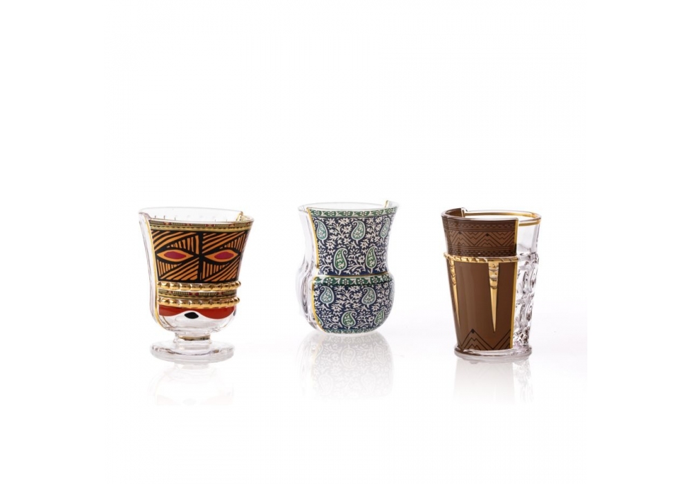 Hybrid Rodinia designed by CTRLZAK is a set of glass glasses made by combining two opposing shapes. The surface is half decorated and half transparent with a lined surface.
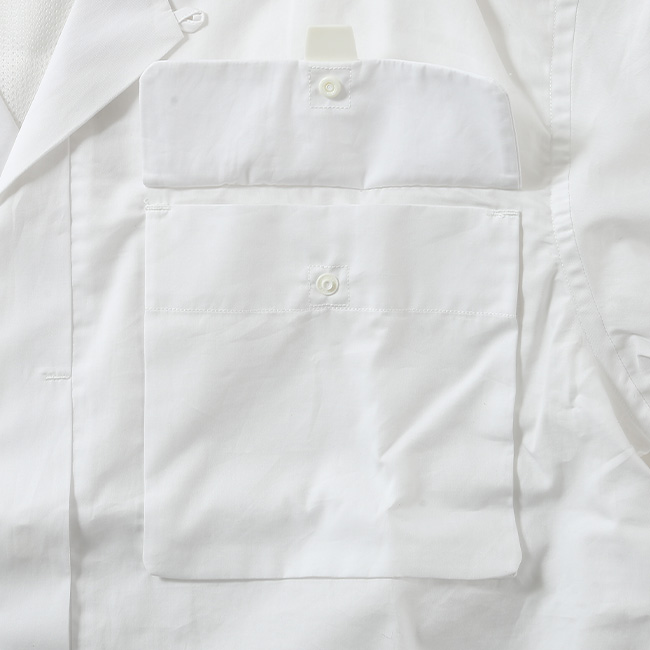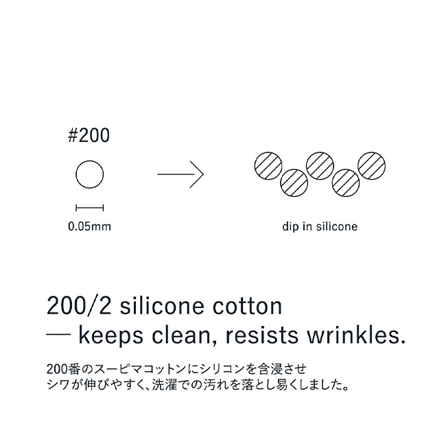 200番のスーピマコットンにシリコンを含浸させ、シワが伸びやすく、洗濯での汚れを落とし易い素材で作られたシャツです。シリコンが含まれていることで、汗で肌に張り付くことが少なく、サラッとした肌あたりに仕上がっています。
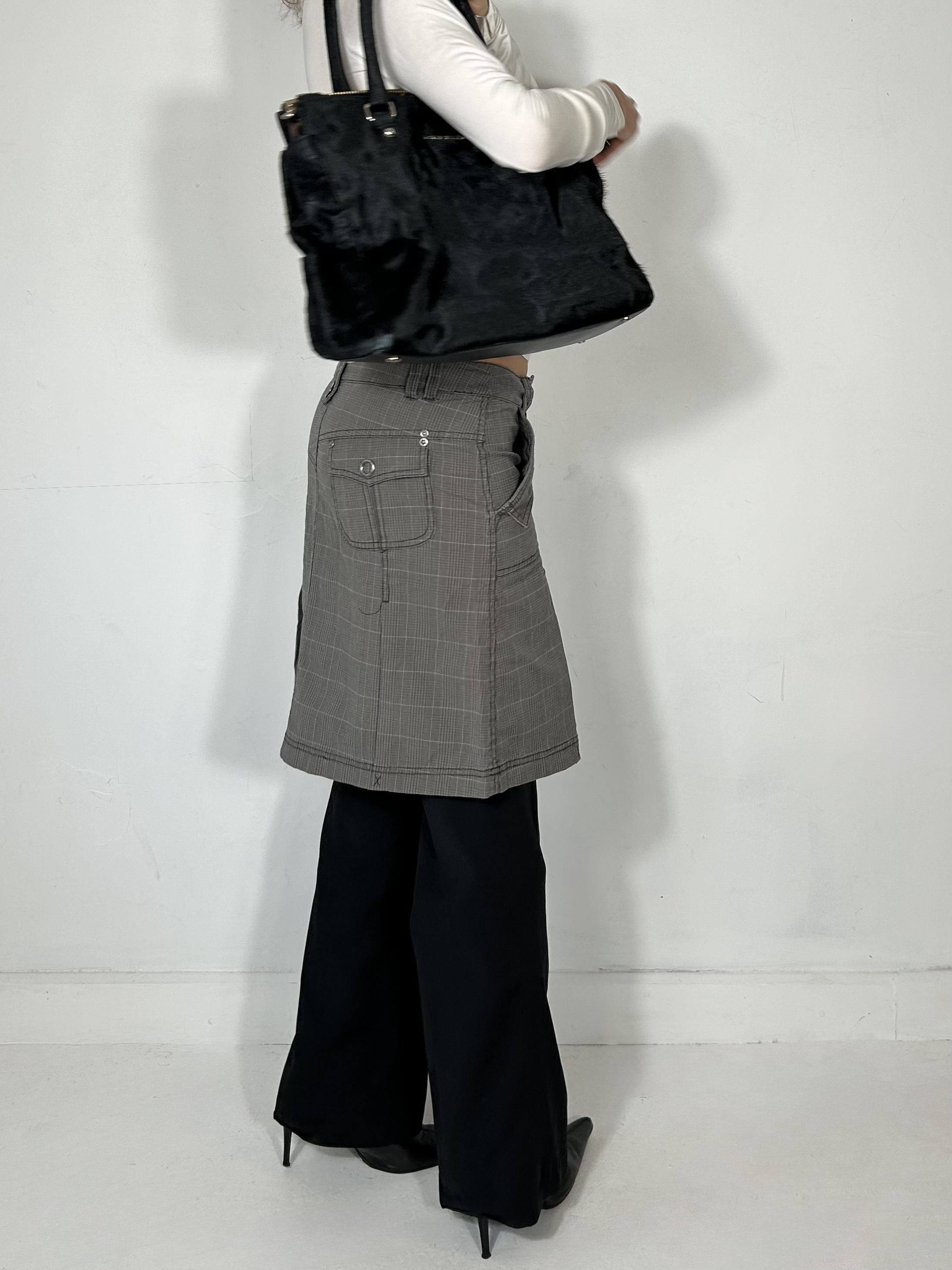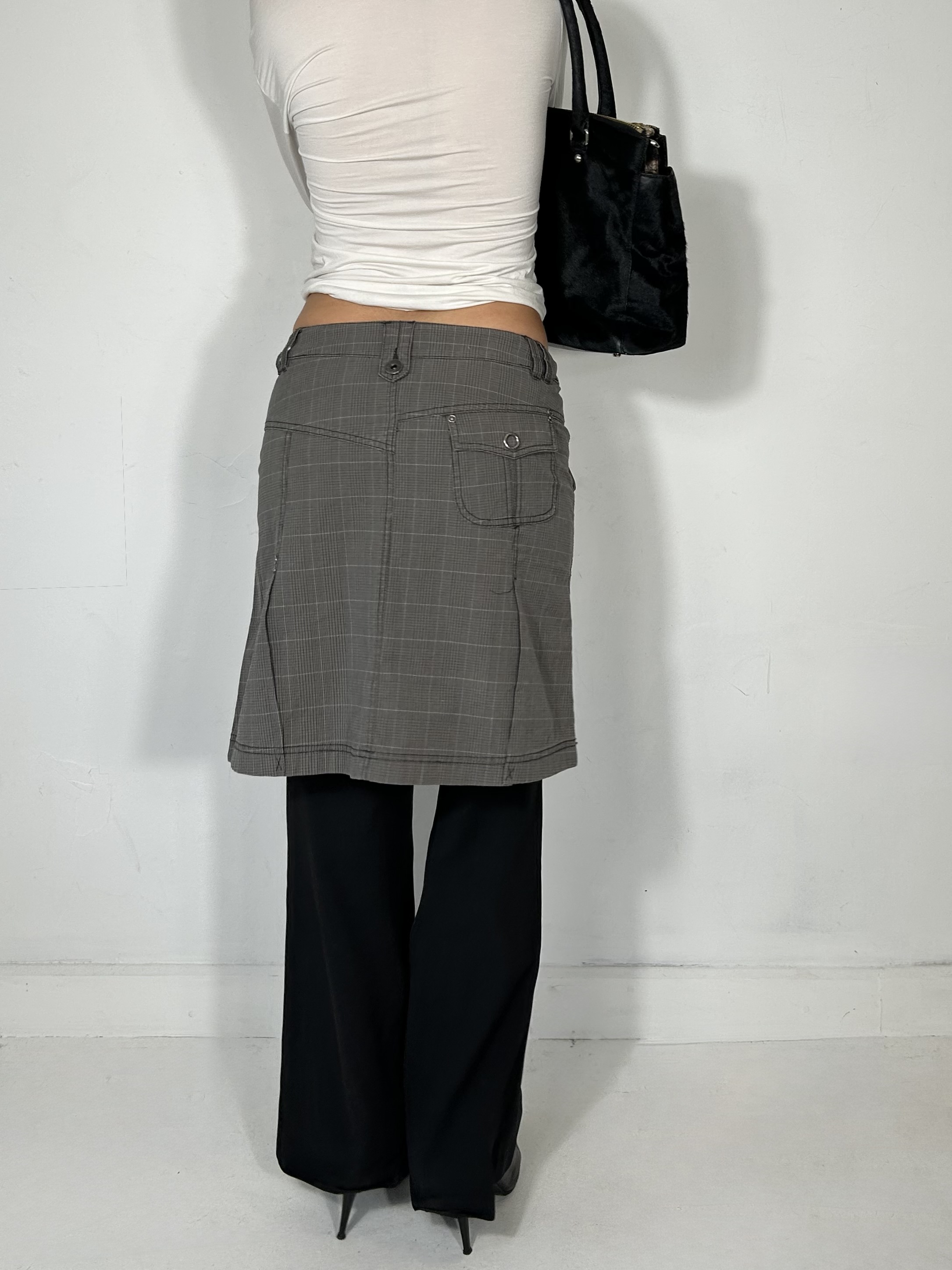 Charcoal grey checkered midi skirt with silver detailing. Waist 31

▶ **YOUR OBJECTIVE**: The output must match, line for line, the span from the line containing "200番のスーピマコットンに" through the end of the data, with the pictures removed.

▶ **RESPONSE**:
 200番のスーピマコットンにシリコンを含浸させ、シワが伸びやすく、洗濯での汚れを落とし易い素材で作られたシャツです。シリコンが含まれていることで、汗で肌に張り付くことが少なく、サラッとした肌あたりに仕上がっています。
 Charcoal grey checkered midi skirt with silver detailing. Waist 31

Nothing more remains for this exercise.